▶ [INFORMATION SUPPLIED]
____________________
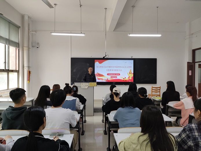 为了深入学习宣传贯彻党的二十大精神,全面落实党中央主题教育部署和习近平总书记重要讲话精神。根据学校学习贯彻习近平新时代中国特色社会主义思想主题教育理论学习工作安排,文传学院学生第二党支部于5月8日在自力楼205教室组织党员开展学习贯彻习近平新时代中国特色社会主义思想主题教育专题学习活动。本次学习以“深入学习领会习近平新时代中国特色社会主义思想,深刻领悟‘两个确立’的决定性意义,增强‘四个意识’,坚定‘四个自信’,做到‘两个维护’,凝心铸魂筑牢根本,锤炼品格强化忠诚”为主题展开。活动由学生第二党支部书记牛道恒老师主持,全体学生党员参与。
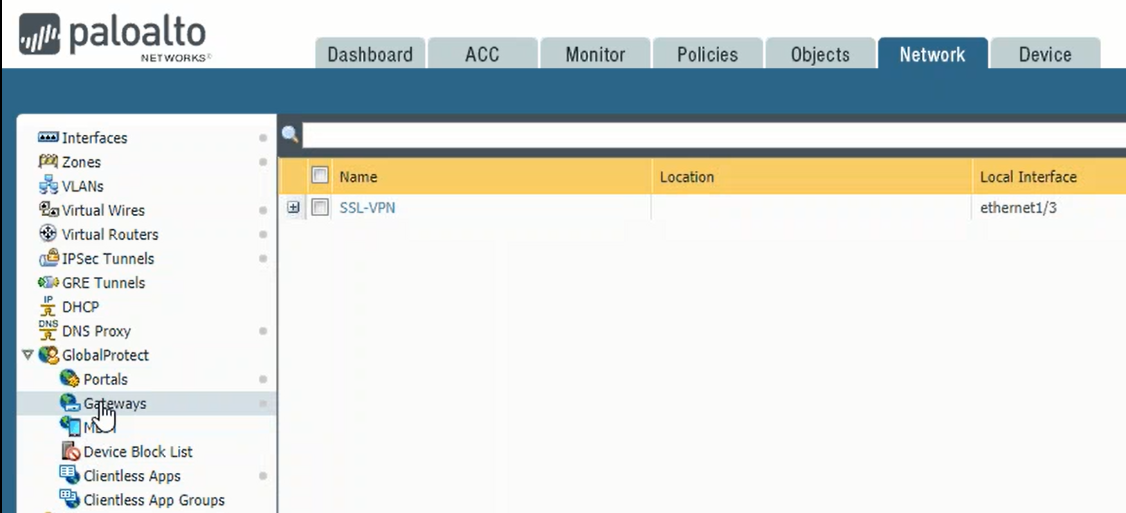 Click on your configured GlobalProtect gateway, e.g. SSL-VPN, to bring up the configuration window.
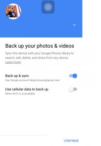 Configuración del Back-Up de las fotos
____________________
▶ [PROBLEM TO WORK ON] All of the material above is to be copied exactly, except for its images.

▶ [ANSWER SPACE]
 为了深入学习宣传贯彻党的二十大精神,全面落实党中央主题教育部署和习近平总书记重要讲话精神。根据学校学习贯彻习近平新时代中国特色社会主义思想主题教育理论学习工作安排,文传学院学生第二党支部于5月8日在自力楼205教室组织党员开展学习贯彻习近平新时代中国特色社会主义思想主题教育专题学习活动。本次学习以“深入学习领会习近平新时代中国特色社会主义思想,深刻领悟‘两个确立’的决定性意义,增强‘四个意识’,坚定‘四个自信’,做到‘两个维护’,凝心铸魂筑牢根本,锤炼品格强化忠诚”为主题展开。活动由学生第二党支部书记牛道恒老师主持,全体学生党员参与。
 Click on your configured GlobalProtect gateway, e.g. SSL-VPN, to bring up the configuration window.
 Configuración del Back-Up de las fotos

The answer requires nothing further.